* To do *
In the records that follow, the lines from the one containing "Gilmer County Girls Basketball team" to the one containing "Glenville State alumni", inclusive, are to be given again exactly.

* Listed records *
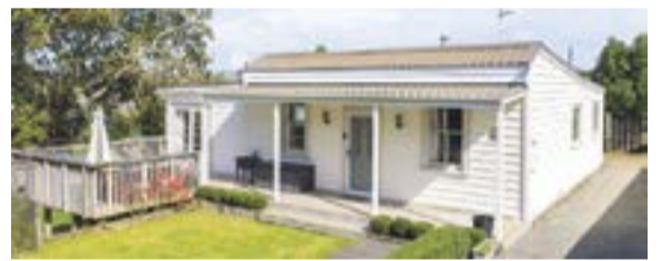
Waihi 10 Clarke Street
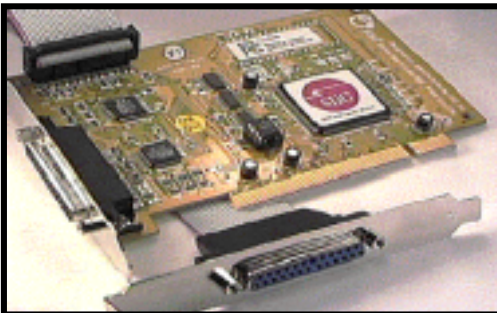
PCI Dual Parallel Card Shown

--

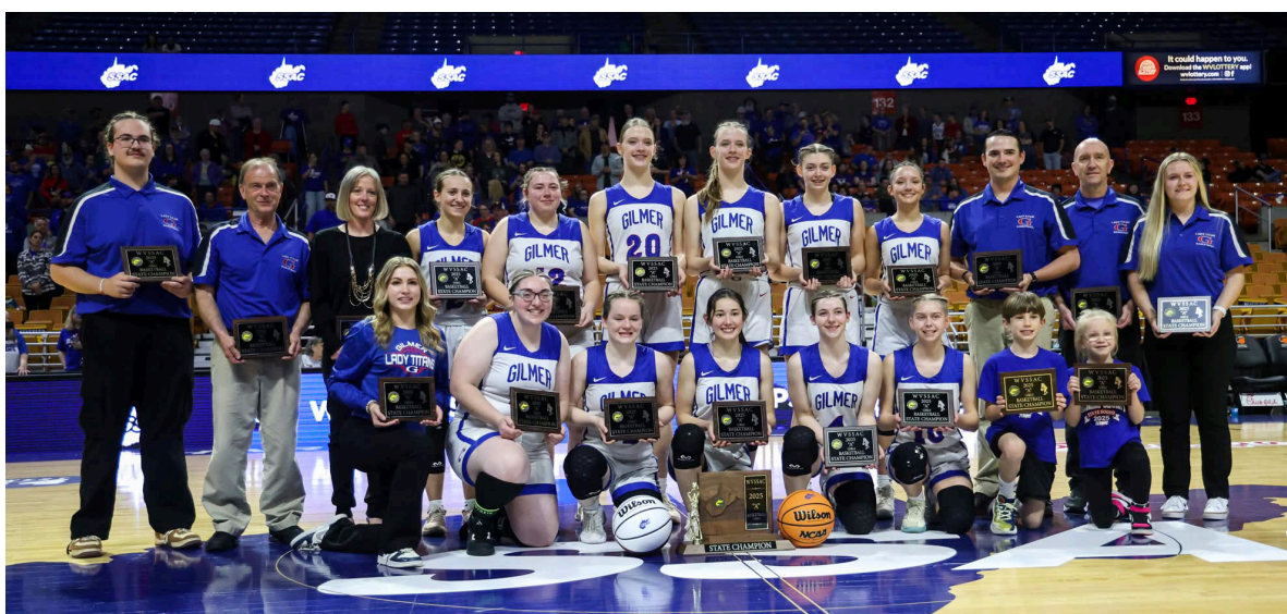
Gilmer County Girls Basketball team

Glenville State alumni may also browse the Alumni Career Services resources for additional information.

* Response for this exercise *
Gilmer County Girls Basketball team

Glenville State alumni may also browse the Alumni Career Services resources for additional information.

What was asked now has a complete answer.